The contribution of the Church must be that of bringing back a people centered and holistic vision of development to counter the dysfunctional and incoherence of the current system.
This overall economic driven environment is so strong that we do not always realize it ourselves. We very easily transfer all blame and all responsibility onto structures. If the right structures are in place, then things will begin to change. If there are problems it is primarily due to unjust structures.
This has at times negatively affected the work of the Church. In the past the principle work done by the Church in the fight against poverty was through being with the poor. I think of the great dynamism of the founders of religious congregations in the nineteenth century, who brought schooling, health care and social services to the poor in Europe and very often came with their emigrant communities here to the United States and established one of the most effective school and hospital services in the history of the world: primarily aimed at the poor.

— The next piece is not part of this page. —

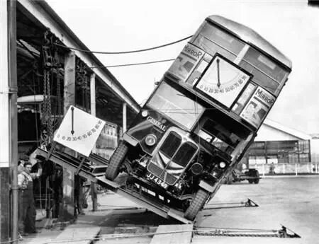6、1933年伦敦的双层巴士制造商在验证巴士的安全性。

This great movement of service towards the poor was a characteristic of many religious congregations, especially of women. The crisis in vocations to religious life is already having its effects on the dehumanization of globalization. When a school or an health care institute passes out of the direct control of a religious congregation, for example, what is at risk is not just maintaining a strong ethical policy on life-issues. What can happen is that an entire system which was fundamentally inspired by gratuity, by self giving, changes to one in which the humanitarian goal is managed primarily in business terms.
The competitive global economy needs to be confronted by another values system: that of gratuitous service.
The contribution of the Church to humanizing the global economy and the global human family needs a new movement of solidarity, the creation of a new generation of generous young people, religious and lay, women and men, prepared to witness the gratuitous love of Jesus Christ, through recognizing in the poor, their brother and sisters. In their gratuitous self giving they will then be able to rejoice that they had the opportunity of having been alongside the poor, helping them to realize more fully the God-given potential they possess.
The role of the Church in humanizing globalization is to be present through her members everywhere where human potential can be enhanced. In doing this it becomes more fully the global actor the Church is: not simply a worldwide Church territorially. But, as Lumen Gentium points out, as a sign, a sacrament of our unity in Christ with God and thus of the unity of all humankind.
Globalization is a priori neither good nor bad. It is what people make of it. What is at stake is the quality of globalization. Likewise what is at stake is the quality of the contribution we bring.